Jetzt trat der Korsar hinzu. Er hatte noch sein Trauergewand an, hatte sich aber einen langen Säbel umgeschnallt und in den Gürtel ein paar Pistolen gesteckt, dazu einen jener langen, scharfen, »Misericordia« genannten Dolche. Über dem Arm trug er einen weiten schwarzen Mantel.

Er näherte sich dem Vizekapitän Morgan auf der Kommandobrücke und wechselte einige Worte mit ihm. Dann sagte er kurz zu den beiden Flibustiern: »Los!«

Alle drei stiegen ins Kanu. Der Korsar wickelte sich in seinen Mantel und setzte sich an den Bug, während die Bootsleute wieder angestrengt zu rudern begannen.
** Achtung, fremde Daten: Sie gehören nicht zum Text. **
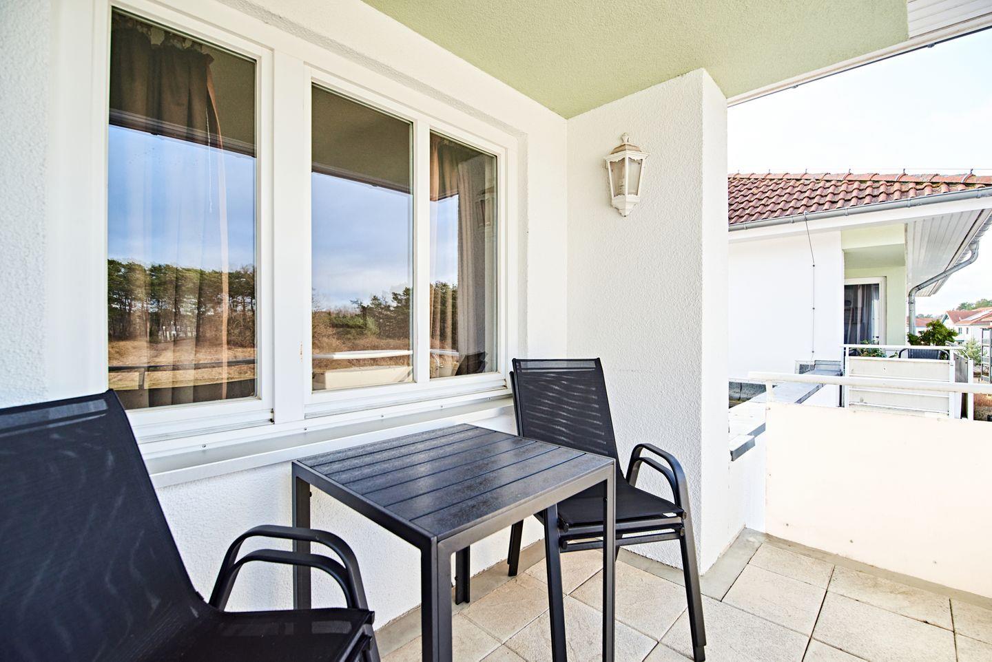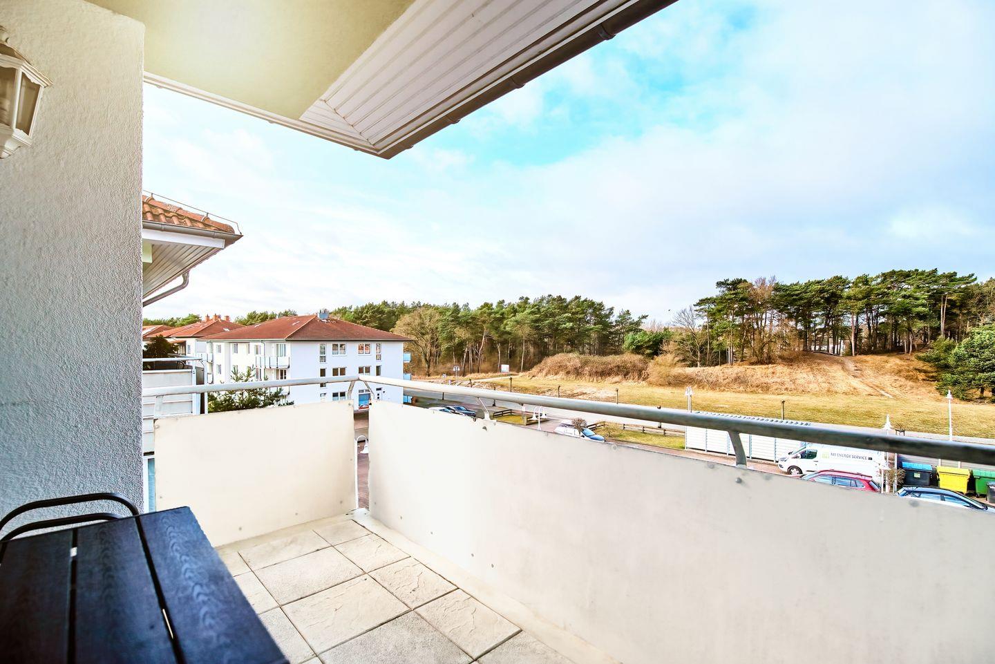 Ein weiteres Highlight ist der große Balkon, der einen idealen Platz zum Entspannen und die frische Ostseeluft bietet. Die Ferienwohnung befindet sich in einer ruhigen, ländlichen Umgebung, die umgeben ist von Wäldern und nur wenige Schritte vom Strand entfernt.

Das große Schiff, die »Fólgore« Fólgore: Blitz, hatte sofort die Laterne gelöscht und war, die Segel nach dem Winde richtend, dem Boote gefolgt, indem es immer lavierte, um ihm nicht voranzulaufen.

Wahrscheinlich wollte der Vizekapitän seinen Befehlshaber bis zur Küste begleiten, um ihn bei Gefahr schützen zu können.

Der Kommandant hatte sich halb ausgestreckt und den Kopf auf die Hand gestützt. So verharrte er schweigend, aber seine Blicke, scharf wie die eines Adlers, schweiften unablässig an dem noch finstern Horizont entlang. Noch konnte er die amerikanische Küste nicht erspähen. Von Zeit zu Zeit wandte er sich nach seinem Schiffe um, das ihm in einer Entfernung von sieben bis acht Ankertauen folgte.

Stiller und Carmaux ruderten indessen das leichte, flinke Kanu über die Fluten, daß es nur so flog. Beide schienen jetzt ohne Sorge über die Rückkehr nach dem feindlichen Ufer zu sein, so groß war ihr Vertrauen zu der Kühnheit und Tapferkeit des Schwarzen Korsaren, dessen Name allein schon genügte, um alle Küstenstädte des mexikanischen Golfs in Schrecken zu setzen.